### Work task
Reproduce the lines below exactly. Skip images.

### Dataset content
+===+

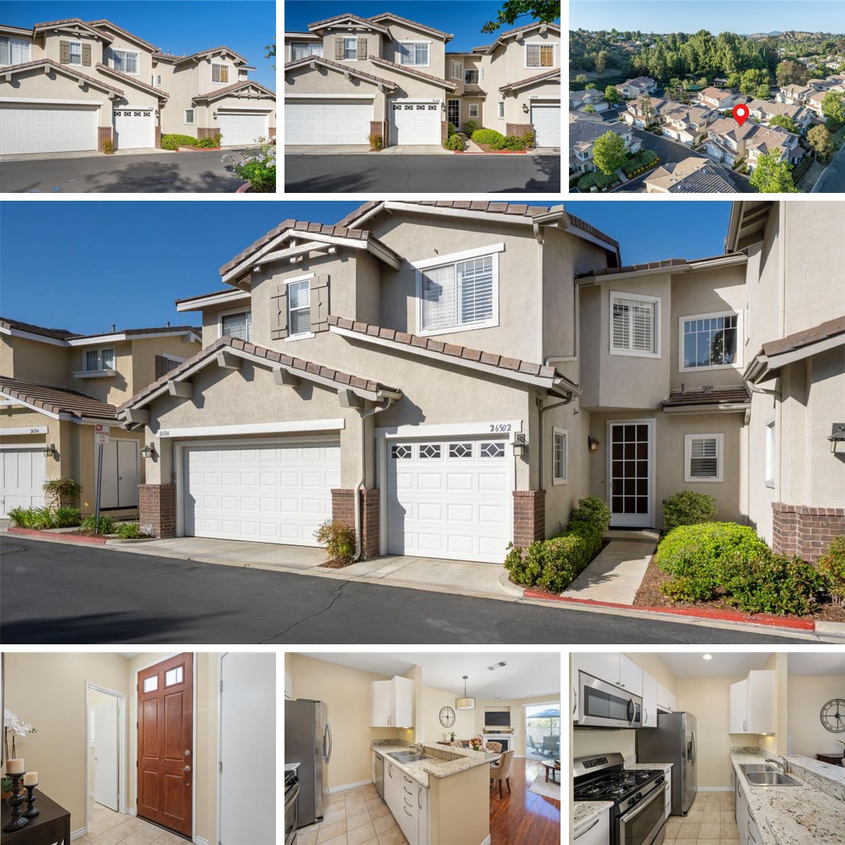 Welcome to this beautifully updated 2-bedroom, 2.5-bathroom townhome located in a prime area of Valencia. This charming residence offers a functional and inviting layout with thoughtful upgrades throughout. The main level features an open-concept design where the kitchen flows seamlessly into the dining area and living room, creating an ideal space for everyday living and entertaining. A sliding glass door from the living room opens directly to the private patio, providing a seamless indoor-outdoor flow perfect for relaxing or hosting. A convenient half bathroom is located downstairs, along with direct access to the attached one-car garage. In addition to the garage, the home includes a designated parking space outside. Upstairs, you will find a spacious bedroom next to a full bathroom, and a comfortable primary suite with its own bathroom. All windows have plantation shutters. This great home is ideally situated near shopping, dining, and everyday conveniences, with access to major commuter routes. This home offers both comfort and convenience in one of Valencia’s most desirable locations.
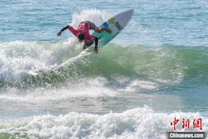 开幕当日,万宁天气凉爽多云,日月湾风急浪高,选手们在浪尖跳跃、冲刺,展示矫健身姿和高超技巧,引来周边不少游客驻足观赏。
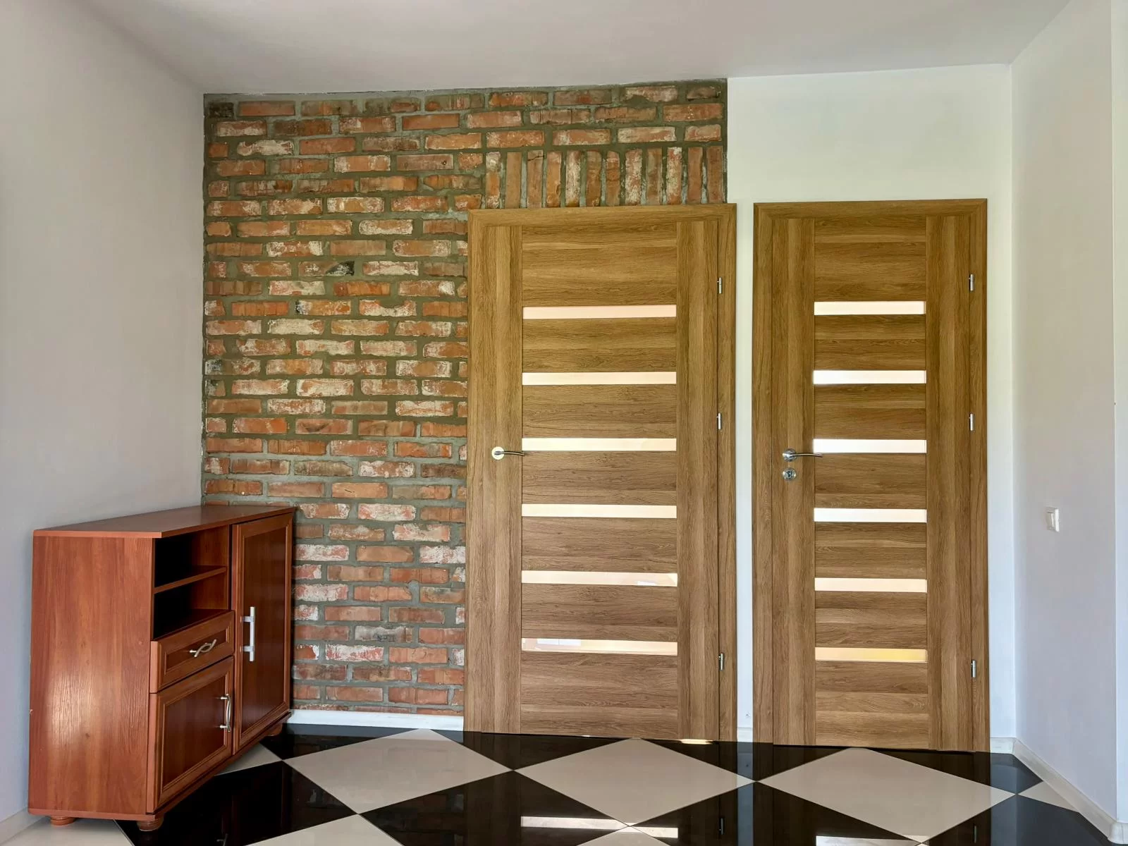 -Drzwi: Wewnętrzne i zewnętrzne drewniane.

+===+

### Response
 Welcome to this beautifully updated 2-bedroom, 2.5-bathroom townhome located in a prime area of Valencia. This charming residence offers a functional and inviting layout with thoughtful upgrades throughout. The main level features an open-concept design where the kitchen flows seamlessly into the dining area and living room, creating an ideal space for everyday living and entertaining. A sliding glass door from the living room opens directly to the private patio, providing a seamless indoor-outdoor flow perfect for relaxing or hosting. A convenient half bathroom is located downstairs, along with direct access to the attached one-car garage. In addition to the garage, the home includes a designated parking space outside. Upstairs, you will find a spacious bedroom next to a full bathroom, and a comfortable primary suite with its own bathroom. All windows have plantation shutters. This great home is ideally situated near shopping, dining, and everyday conveniences, with access to major commuter routes. This home offers both comfort and convenience in one of Valencia’s most desirable locations.
 开幕当日,万宁天气凉爽多云,日月湾风急浪高,选手们在浪尖跳跃、冲刺,展示矫健身姿和高超技巧,引来周边不少游客驻足观赏。
 -Drzwi: Wewnętrzne i zewnętrzne drewniane.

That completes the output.